Theodorou Aikaterini, Papagiannopoulou Georgia, Akrivaki Alexandra, Fanouraki Stella, Moschovos Christos, Papadopoulou Marianna, Palaiodimou Lina, Merkouri Foteini, Melanis Konstantinos, Salakou Stauroula, Kitsos Dimitrios, Lambadiari Vaia, Zouvelou Vasiliki, Papadimas Georgios, Giannopoulos Sotirios, Alexandrov Andrei V, Tsivgoulis Georgios
Second Department of Neurology, "Attikon" University Hospital, School of Medicine, National and Kapodistrian University of Athens, Athens, Greece.
Department of Physiotherapy, Laboratory of Neuromuscular and Cardiovascular Study of Motion, University of West Attica, Athens, Greece.
Eur J Neurol. 2025 Jun;32(6):e70175. doi: 10.1111/ene.70175.
Limited data exist on the efficacy and safety of proprotein convertase subtilisin/kexin type 9 (PCSK9) inhibitors and inclisiran among patients with neuromuscular disorders and statin-induced myotoxicity and/or hepatotoxicity. We assessed the safety and efficacy of PCSK9 inhibitors and inclisiran in this specific patient subgroup.
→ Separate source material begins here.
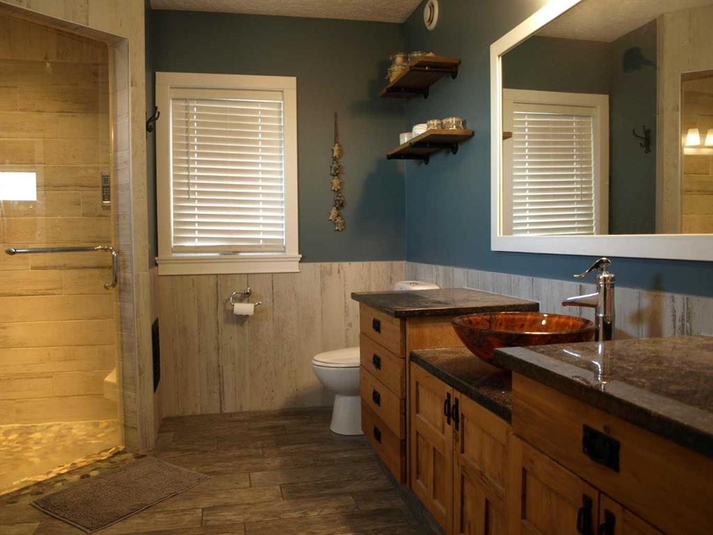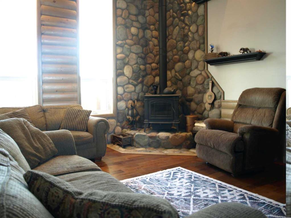 Step into this exceptional home, thoughtfully constructed with ICF concrete block walls from foundation to ceiling, offering superior energy efficiency, durability, and year-round comfort. A welcoming foyer opens into a stunning living room, where soaring vaulted ceilings and an abundance of natural light create a bright, inviting atmosphere. A cozy wood stove anchors the space—perfect for relaxing evenings or entertaining guests. The expansive kitchen is truly the heart of the home, featuring custom hickory cabinetry, solid granite countertops, and generous workspace. Designed with both function and style in mind, it’s ideal for hosting gatherings or enjoying everyday living with ease. Retreat to the spacious primary suite, complete with a luxurious ensuite offering a soaker tub and steam shower—your own private spa experience. Four additional bedrooms provide exceptional flexibility for family, guests, or home office needs. The walk-out basement offers seamless access to the beautifully landscaped 4-acre property, while the new wrap-around deck creates the perfect setting for entertaining, summer barbecues, or simply taking in the peaceful surroundings. Comfort and efficiency are top of mind with hydronic in-floor heating, delivering consistent, cozy warmth throughout the home. The exterior has been refreshed with new stucco, enhancing both curb appeal and durability. This property is exceptionally well-equipped with connection to treated town water, providing reliability and peace of mind, along with a domestic irrigation turnout to meet all your outdoor watering needs—ideal for maintaining lush landscaping, mature trees, or expansive gardens. Blending rural tranquility with modern convenience, this remarkable property truly has it all—schedule your private viewing today and experience it for yourself.

We conducted an observational cohort study evaluating patients with available clinical and laboratory data prior to and at prespecified time points following treatment initiation with PCSK9 inhibitors or inclisiran.
Eleven patients with neuromuscular disorders and statin intolerance were included in this study. Median follow-up time after PCSK9 inhibitor or inclisiran initiation was 14 (9-17) months. PCSK9 inhibitors or inclisiran use led to a significant decrease in mean low-density lipoprotein cholesterol levels. Moreover, all patients tolerated these lipid-lowering agents without exacerbation of their underlying myositis, myopathy, neuromuscular junction disorder, and without presenting any adverse event or relapse of myotoxicity and/or hepatotoxicity.
The present real-world study highlights the potential therapeutic value of PCSK9 inhibitors and inclisiran among patients with neuromuscular disorders and statin intolerance. The findings of this study are in accordance with previous reports, showing that PCSK9 inhibitors are safe as a lipid lowering treatment for long-term use among patients with statin-associated immune-mediated necrotizing myopathy (IMNM).
关于前蛋白转化酶枯草溶菌素/kexin 9型(PCSK9)抑制剂和英克西兰在神经肌肉疾病以及他汀类药物诱导的肌毒性和/或肝毒性患者中的疗效和安全性的数据有限。我们评估了PCSK9抑制剂和英克西兰在这一特定患者亚组中的安全性和疗效。
我们进行了一项观察性队列研究,评估在开始使用PCSK9抑制剂或英克西兰治疗之前以及在预先设定的时间点具有可用临床和实验室数据的患者。
本研究纳入了11例患有神经肌肉疾病且不耐受他汀类药物的患者。开始使用PCSK9抑制剂或英克西兰后的中位随访时间为14(9 - 17)个月。使用PCSK9抑制剂或英克西兰导致平均低密度脂蛋白胆固醇水平显著降低。此外,所有患者均耐受这些降脂药物,其潜在的肌炎、肌病、神经肌肉接头疾病未加重,且未出现任何不良事件或肌毒性和/或肝毒性复发。
本项真实世界研究突出了PCSK9抑制剂和英克西兰在神经肌肉疾病和他汀类药物不耐受患者中的潜在治疗价值。本研究结果与先前报告一致,表明PCSK9抑制剂作为他汀类药物相关免疫介导坏死性肌病(IMNM)患者的长期降脂治疗是安全的。